Mr. Fortuno was in New York City recently at a fund-raiser at the Yale Club. He is campaigning to become the resident commissioner to Congress from Puerto Rico. If elected, he will be the first Republican delegate, and he is leading in all the polls.
He also confirmed what I have been writing for years about the Hispanic community. We basically have conservative, traditional family values, and the current Hispanic community leaders do not represent who we are.
According to Frank Luntz of the Luntz Research Company, Puerto Rico polled as one of the most conservative of all the regions surveyed. The majority of the island residents is pro-life and anti-same-sex marriages. Puerto Rico is more than 90% Christian, with 60% Roman Catholic.

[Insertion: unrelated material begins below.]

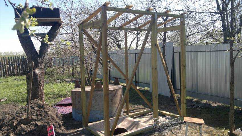 Далее делается каркас душа, который в дальнейшем будет обшиваться и создавать тем самым душевую кабину. Каркас делается из брусьев, высота их зависит, от желаемой высоты душа, ширина такого бруса, как правило, 15-17 см.

Mr. Fortuno is running against state Senator Roberto Prats, who is also the chairman of the Democratic Party. The difference in their positions on the issues is as great as those between George Bush and John Kerry. Mr. Fortuno is for smaller government, lower taxes, school choice, and for statehood for Puerto Rico. Mr. Prats has voted for raising taxes in the past and believes that Puerto Rico should remain a commonwealth.
Whether Puerto Rico should remain a commonwealth or become a state or an independent nation is a question that many Americans do not consider important, but a recently released book may change their minds.
When I first received the book, "Pay to the Order of Puerto Rico," I was slightly affronted by the title. The subtitle of the book is "The Cost of Dependence to the American Taxpayer," and since I am certainly an Hispanic of Puerto Rican heritage, it was worth a look.
This analysis of the controversy by Alexander Odishelidze and Arthur Laffer comes down squarely on the side of Mr. Fortuno and is an eye-opener on the quagmire that is the colonial status of Puerto Rico. I must confess that I know about as much about Puerto Rico as any hyphenated American knows about the local politics of her ancestor's homeland. But the cost of maintaining the status of Puerto Rico as a territory is a burden taxpayers deserve to examine closely.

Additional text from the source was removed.